**ACTIVITY**
Pictures are to be omitted; everything else in the data must be transcribed exactly.

**COLLECTED MATERIAL**
☆ ☆ ☆

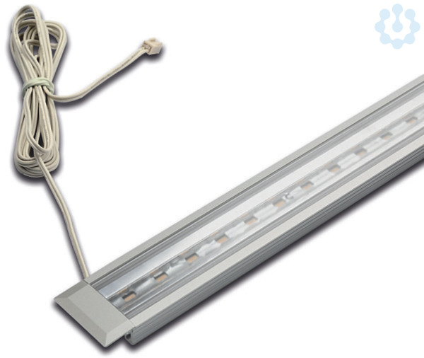 Flache LED-Einbauleuchte mit klarer Abdeckung und Reflektor zur asymmetrischen Ausleuchtung, für Fräsnut 30mm breit und 12mm tief, Gehäuse Alu, Anschlussleitung 2,5m mit LED 24-Stecker, Lichtfarbe neutral weiß ca.4000K, optionales Zubehör: dimmbarer Trafo mit Funkfernbedienung oder 1-10V Dimmer
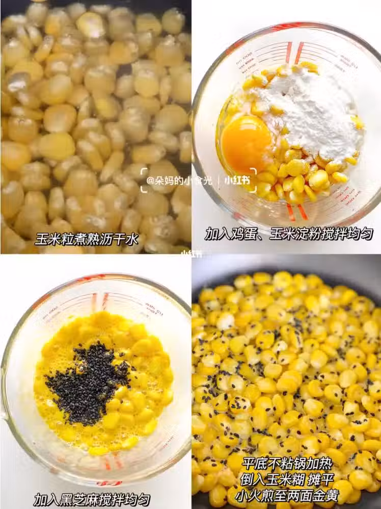 食材:玉米粒150克、雞蛋1個、玉米澱粉10克、黑芝麻少許。
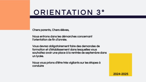 Chers parents, Chers élèves, Nous entrons dans les démarches concernant l’orientation de fin d’année. Vous devrez obligatoirement faire des demandes de formation et d’établissement dans lesquelles vous souhaitez avoir une place à la rentrée de septembre dans un lycée. Nous vous prions d’être très vigilants sur les étapes à conduire

☆ ☆ ☆

**TASK RESULT**
 Flache LED-Einbauleuchte mit klarer Abdeckung und Reflektor zur asymmetrischen Ausleuchtung, für Fräsnut 30mm breit und 12mm tief, Gehäuse Alu, Anschlussleitung 2,5m mit LED 24-Stecker, Lichtfarbe neutral weiß ca.4000K, optionales Zubehör: dimmbarer Trafo mit Funkfernbedienung oder 1-10V Dimmer
 食材:玉米粒150克、雞蛋1個、玉米澱粉10克、黑芝麻少許。
 Chers parents, Chers élèves, Nous entrons dans les démarches concernant l’orientation de fin d’année. Vous devrez obligatoirement faire des demandes de formation et d’établissement dans lesquelles vous souhaitez avoir une place à la rentrée de septembre dans un lycée. Nous vous prions d’être très vigilants sur les étapes à conduire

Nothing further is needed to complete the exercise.